ACTION ITEM: How many lines of the entries hold the string "Power"? Reply with the number alone.

* * *

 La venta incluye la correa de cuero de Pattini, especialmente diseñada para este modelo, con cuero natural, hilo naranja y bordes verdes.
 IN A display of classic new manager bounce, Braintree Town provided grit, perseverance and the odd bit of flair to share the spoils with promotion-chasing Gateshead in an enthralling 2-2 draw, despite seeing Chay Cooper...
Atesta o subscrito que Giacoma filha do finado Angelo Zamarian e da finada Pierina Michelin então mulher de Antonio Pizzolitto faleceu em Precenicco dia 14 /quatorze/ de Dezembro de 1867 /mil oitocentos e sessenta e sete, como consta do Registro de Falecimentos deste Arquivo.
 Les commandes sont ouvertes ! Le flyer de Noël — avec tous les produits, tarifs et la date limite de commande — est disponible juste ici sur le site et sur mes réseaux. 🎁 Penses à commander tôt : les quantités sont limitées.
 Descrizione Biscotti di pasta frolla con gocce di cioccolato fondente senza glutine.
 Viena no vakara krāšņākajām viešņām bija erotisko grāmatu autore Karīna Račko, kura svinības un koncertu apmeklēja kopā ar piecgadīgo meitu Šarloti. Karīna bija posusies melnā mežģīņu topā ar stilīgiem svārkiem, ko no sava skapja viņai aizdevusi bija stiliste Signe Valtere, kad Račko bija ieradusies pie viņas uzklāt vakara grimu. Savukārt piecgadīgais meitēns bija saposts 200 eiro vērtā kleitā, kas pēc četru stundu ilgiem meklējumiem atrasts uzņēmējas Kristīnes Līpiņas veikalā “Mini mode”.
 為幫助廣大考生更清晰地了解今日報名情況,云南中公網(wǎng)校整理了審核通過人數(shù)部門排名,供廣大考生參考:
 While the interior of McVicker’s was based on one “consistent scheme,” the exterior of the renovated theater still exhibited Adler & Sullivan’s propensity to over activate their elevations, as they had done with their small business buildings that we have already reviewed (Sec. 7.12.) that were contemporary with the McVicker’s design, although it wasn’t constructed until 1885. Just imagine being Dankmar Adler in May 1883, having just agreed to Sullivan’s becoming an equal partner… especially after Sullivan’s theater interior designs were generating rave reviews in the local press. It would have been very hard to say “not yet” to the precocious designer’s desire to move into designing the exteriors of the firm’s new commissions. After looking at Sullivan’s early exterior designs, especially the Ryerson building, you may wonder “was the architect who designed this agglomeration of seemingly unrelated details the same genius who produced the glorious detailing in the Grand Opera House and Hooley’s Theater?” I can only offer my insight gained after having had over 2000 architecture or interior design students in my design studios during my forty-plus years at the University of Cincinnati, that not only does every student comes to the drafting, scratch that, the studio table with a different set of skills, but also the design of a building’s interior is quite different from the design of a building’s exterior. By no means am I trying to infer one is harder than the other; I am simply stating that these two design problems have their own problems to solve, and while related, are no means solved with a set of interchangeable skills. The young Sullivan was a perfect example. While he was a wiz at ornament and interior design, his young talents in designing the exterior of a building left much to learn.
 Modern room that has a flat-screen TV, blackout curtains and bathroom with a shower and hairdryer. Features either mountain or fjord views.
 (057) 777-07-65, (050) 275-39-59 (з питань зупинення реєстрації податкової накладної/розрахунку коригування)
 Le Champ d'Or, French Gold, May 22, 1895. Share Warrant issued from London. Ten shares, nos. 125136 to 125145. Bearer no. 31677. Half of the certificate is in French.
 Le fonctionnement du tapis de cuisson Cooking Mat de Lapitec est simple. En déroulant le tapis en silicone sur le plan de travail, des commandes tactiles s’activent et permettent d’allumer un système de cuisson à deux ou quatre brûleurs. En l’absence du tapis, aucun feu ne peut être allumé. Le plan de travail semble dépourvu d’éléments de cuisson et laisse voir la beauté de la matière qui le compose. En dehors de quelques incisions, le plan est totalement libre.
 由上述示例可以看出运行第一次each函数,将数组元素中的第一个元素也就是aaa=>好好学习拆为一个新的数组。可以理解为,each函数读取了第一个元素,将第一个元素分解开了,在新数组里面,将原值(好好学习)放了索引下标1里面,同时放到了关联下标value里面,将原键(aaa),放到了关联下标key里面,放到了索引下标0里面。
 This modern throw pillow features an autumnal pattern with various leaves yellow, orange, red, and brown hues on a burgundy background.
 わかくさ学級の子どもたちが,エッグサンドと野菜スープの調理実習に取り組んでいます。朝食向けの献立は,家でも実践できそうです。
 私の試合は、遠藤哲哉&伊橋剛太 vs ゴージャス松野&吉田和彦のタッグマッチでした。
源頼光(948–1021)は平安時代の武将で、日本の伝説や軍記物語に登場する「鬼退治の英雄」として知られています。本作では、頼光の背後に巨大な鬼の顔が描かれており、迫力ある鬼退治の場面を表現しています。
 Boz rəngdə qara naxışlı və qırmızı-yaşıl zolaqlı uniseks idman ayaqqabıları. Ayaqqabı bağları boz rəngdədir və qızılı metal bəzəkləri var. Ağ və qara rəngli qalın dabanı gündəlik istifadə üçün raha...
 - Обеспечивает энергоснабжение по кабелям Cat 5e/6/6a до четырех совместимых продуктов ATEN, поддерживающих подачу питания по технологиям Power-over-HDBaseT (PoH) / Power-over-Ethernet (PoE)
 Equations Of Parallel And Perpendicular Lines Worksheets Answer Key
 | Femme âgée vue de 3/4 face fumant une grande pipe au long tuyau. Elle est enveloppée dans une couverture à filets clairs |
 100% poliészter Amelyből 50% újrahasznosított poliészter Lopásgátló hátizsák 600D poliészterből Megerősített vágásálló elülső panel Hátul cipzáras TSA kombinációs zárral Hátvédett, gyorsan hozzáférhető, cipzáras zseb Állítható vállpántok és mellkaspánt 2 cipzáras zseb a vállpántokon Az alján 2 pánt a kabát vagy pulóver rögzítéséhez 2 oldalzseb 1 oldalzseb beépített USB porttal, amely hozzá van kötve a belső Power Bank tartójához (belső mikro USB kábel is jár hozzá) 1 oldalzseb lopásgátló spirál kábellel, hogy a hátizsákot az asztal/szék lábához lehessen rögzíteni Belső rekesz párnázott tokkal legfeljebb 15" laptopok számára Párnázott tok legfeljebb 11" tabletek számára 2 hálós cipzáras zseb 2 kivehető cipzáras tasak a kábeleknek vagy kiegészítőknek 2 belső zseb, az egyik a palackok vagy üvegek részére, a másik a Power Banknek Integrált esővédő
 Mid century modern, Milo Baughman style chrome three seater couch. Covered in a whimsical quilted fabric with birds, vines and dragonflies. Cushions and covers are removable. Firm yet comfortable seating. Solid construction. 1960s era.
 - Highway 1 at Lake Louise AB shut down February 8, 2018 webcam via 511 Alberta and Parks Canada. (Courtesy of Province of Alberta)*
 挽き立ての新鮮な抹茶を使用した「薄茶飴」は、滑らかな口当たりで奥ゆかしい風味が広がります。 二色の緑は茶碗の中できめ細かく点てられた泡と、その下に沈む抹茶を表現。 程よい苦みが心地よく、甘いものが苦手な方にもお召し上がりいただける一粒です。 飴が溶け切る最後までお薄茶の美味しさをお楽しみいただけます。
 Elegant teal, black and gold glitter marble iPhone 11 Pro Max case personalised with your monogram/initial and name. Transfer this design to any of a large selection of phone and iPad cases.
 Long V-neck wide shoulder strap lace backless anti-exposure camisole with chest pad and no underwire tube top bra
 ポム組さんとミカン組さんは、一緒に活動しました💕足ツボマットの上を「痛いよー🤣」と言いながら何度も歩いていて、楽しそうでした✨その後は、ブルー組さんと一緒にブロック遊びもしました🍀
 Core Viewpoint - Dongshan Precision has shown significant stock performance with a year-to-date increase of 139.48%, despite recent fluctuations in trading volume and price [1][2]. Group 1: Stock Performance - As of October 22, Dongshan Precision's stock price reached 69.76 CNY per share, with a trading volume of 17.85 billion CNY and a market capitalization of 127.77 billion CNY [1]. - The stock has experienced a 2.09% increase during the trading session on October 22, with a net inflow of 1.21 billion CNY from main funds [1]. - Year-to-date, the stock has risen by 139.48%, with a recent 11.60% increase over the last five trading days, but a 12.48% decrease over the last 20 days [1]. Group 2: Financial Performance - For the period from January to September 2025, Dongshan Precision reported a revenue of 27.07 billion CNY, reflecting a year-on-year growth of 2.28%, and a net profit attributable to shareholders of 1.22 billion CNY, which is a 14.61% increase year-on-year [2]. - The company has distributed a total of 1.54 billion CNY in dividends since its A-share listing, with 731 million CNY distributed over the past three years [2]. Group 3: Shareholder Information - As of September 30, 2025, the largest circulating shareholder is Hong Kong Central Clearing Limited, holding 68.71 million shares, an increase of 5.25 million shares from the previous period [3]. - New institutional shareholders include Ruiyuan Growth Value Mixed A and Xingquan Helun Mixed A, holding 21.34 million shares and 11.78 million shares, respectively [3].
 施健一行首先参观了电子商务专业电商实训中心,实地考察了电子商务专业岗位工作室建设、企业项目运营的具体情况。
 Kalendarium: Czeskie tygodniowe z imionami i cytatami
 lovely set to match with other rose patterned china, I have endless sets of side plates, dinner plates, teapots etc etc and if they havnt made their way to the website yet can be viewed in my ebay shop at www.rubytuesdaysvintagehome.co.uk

* * *

EXERCISE RESPONSE: 2